Nicholas Kou
Nicholas Kou

Reputation: 303

Kafka Consumer reading rate seems to decrease when adding consumers on the same group id

I have created a Kafka topic on which I have produced data (5gb of csv records). I set the number of partitions to be equal to the number of the consumers i'm going to use. My Apache Kafka setup is composed of 3 brokers.

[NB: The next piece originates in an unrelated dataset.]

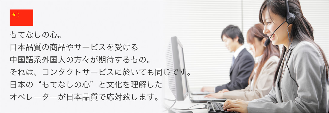 Open が提案する中国コールセンターは“日本文化を充分理解した日本品質”のコンタクトサービスを提供致します。日本人が持つもてなしの心を学び、ホスピタリティ精神を備えた、ネイティヴの中国語オペレーターが旅行者や消費者に対して“言葉の壁” を乗り越え、細やかな配慮の行き届いた案内を提供致します。

I don't use replication for my data.

When the topic is consumed from a node (case of having only one consumer and one partition), the consumer gets the data with a rate of 65K records/sec.

When the topic is consumed from two nodes (case of having two consumers and two parititions), each of the consumers get the data with an overall rate of 120K records/sec (60K for each consumer).

Adding more consumers and partitions (for example 10 more), the throughtput for each consumer is decreased and the overall throughtput seems to be stabilized to a value (reaching 420K).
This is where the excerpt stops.